┌──
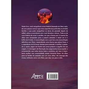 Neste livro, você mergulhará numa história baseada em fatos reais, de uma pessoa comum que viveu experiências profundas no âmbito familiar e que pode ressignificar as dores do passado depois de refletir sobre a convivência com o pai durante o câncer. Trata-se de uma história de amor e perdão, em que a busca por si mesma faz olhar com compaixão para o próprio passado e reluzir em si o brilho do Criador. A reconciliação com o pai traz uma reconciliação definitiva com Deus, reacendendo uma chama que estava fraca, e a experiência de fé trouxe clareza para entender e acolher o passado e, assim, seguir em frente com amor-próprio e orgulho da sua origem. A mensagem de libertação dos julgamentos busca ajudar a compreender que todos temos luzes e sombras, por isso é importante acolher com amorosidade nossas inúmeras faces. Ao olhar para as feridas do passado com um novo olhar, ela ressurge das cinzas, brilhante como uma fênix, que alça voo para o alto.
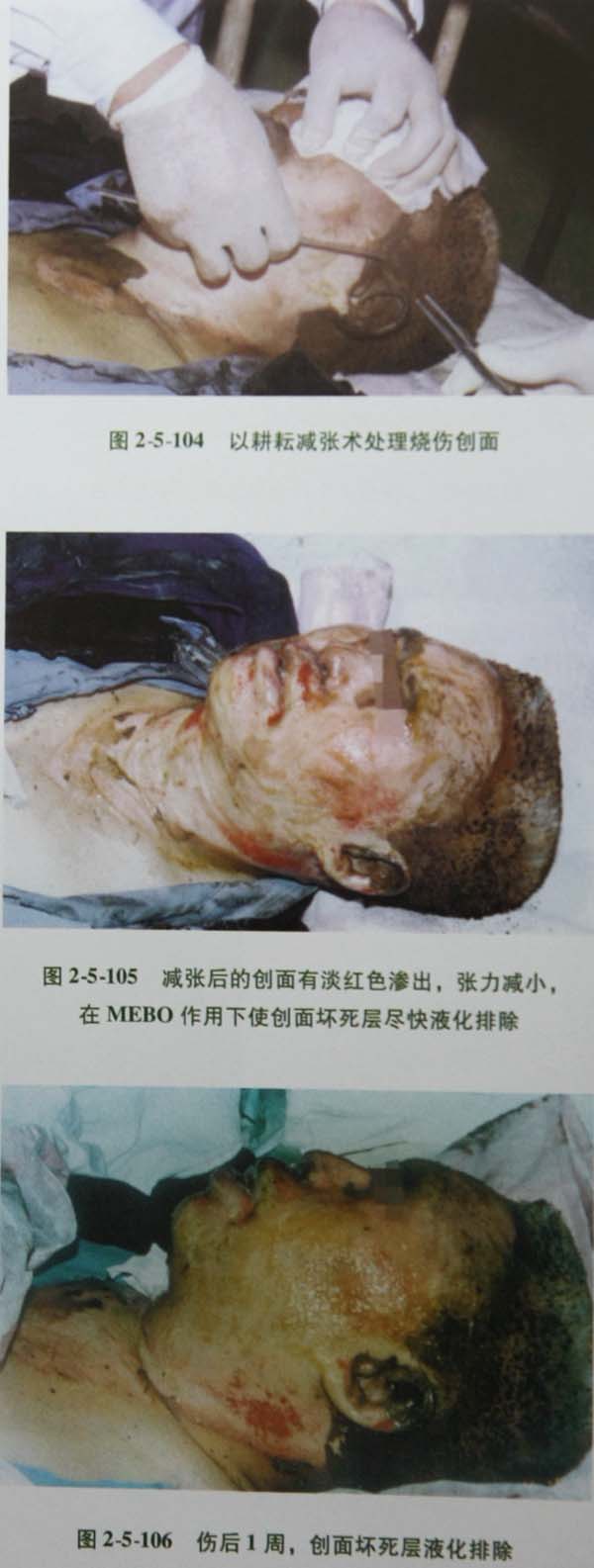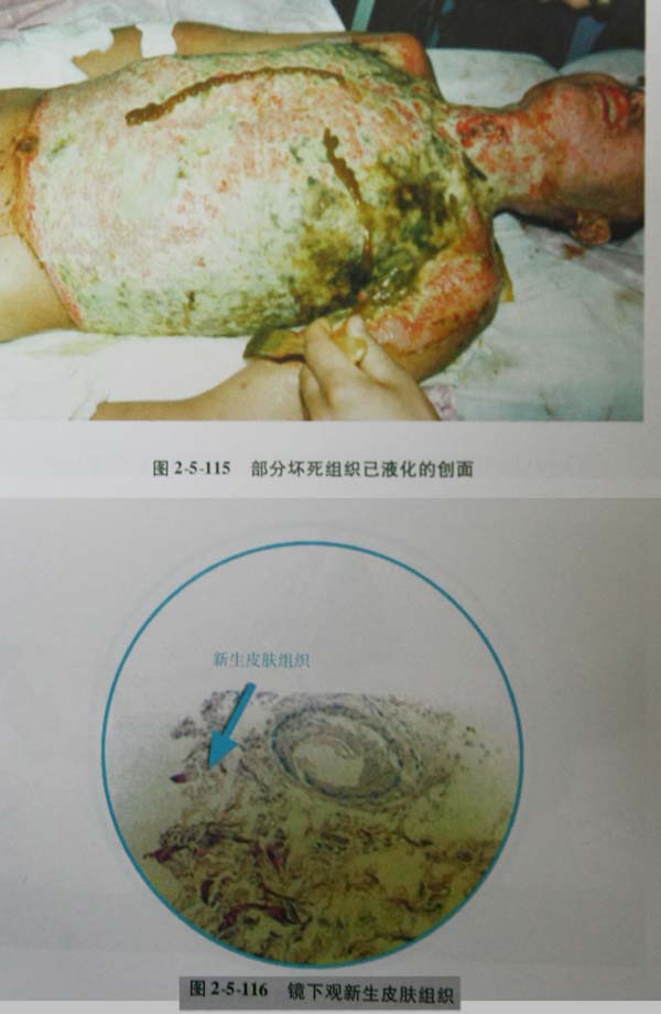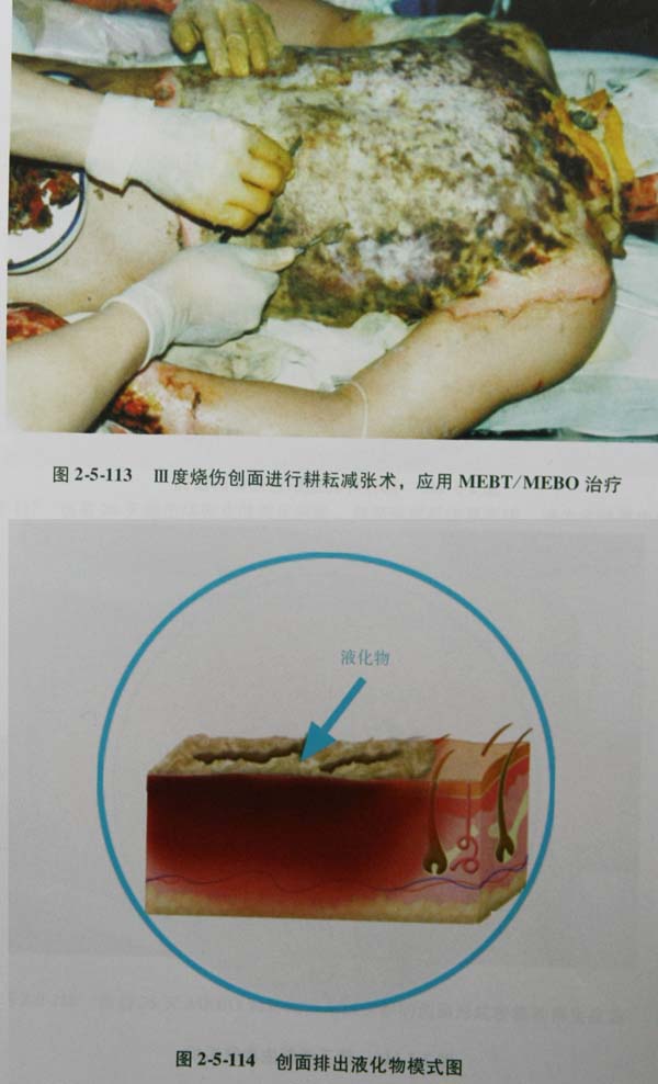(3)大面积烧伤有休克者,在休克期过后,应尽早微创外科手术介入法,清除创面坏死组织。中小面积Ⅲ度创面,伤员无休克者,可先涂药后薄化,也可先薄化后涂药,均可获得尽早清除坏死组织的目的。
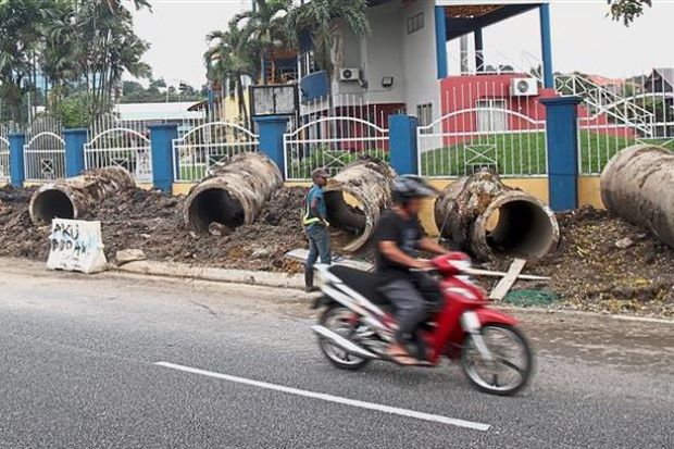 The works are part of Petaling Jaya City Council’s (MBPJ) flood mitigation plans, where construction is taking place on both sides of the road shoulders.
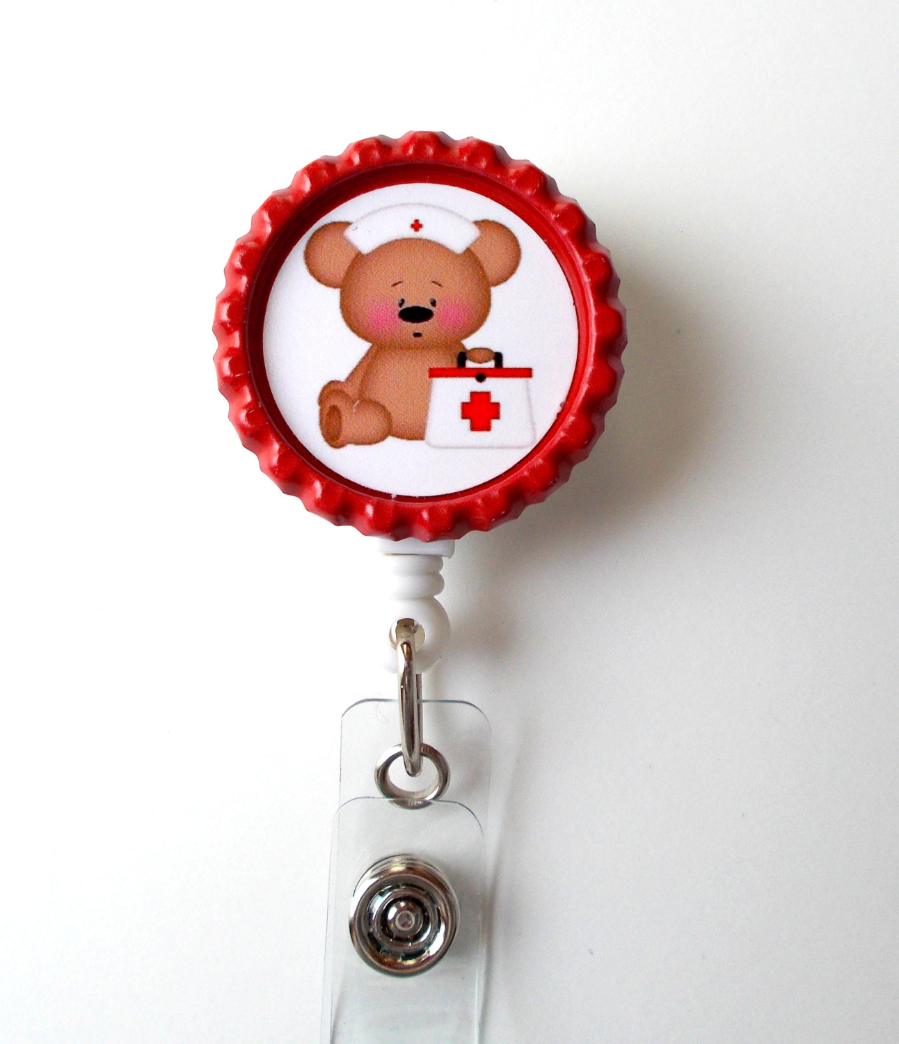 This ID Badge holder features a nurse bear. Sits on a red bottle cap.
└──
Nothing but the pictures may be dropped as you repeat the listing above exactly.

The answer:
 Neste livro, você mergulhará numa história baseada em fatos reais, de uma pessoa comum que viveu experiências profundas no âmbito familiar e que pode ressignificar as dores do passado depois de refletir sobre a convivência com o pai durante o câncer. Trata-se de uma história de amor e perdão, em que a busca por si mesma faz olhar com compaixão para o próprio passado e reluzir em si o brilho do Criador. A reconciliação com o pai traz uma reconciliação definitiva com Deus, reacendendo uma chama que estava fraca, e a experiência de fé trouxe clareza para entender e acolher o passado e, assim, seguir em frente com amor-próprio e orgulho da sua origem. A mensagem de libertação dos julgamentos busca ajudar a compreender que todos temos luzes e sombras, por isso é importante acolher com amorosidade nossas inúmeras faces. Ao olhar para as feridas do passado com um novo olhar, ela ressurge das cinzas, brilhante como uma fênix, que alça voo para o alto.
(3)大面积烧伤有休克者,在休克期过后,应尽早微创外科手术介入法,清除创面坏死组织。中小面积Ⅲ度创面,伤员无休克者,可先涂药后薄化,也可先薄化后涂药,均可获得尽早清除坏死组织的目的。
 The works are part of Petaling Jaya City Council’s (MBPJ) flood mitigation plans, where construction is taking place on both sides of the road shoulders.
 This ID Badge holder features a nurse bear. Sits on a red bottle cap.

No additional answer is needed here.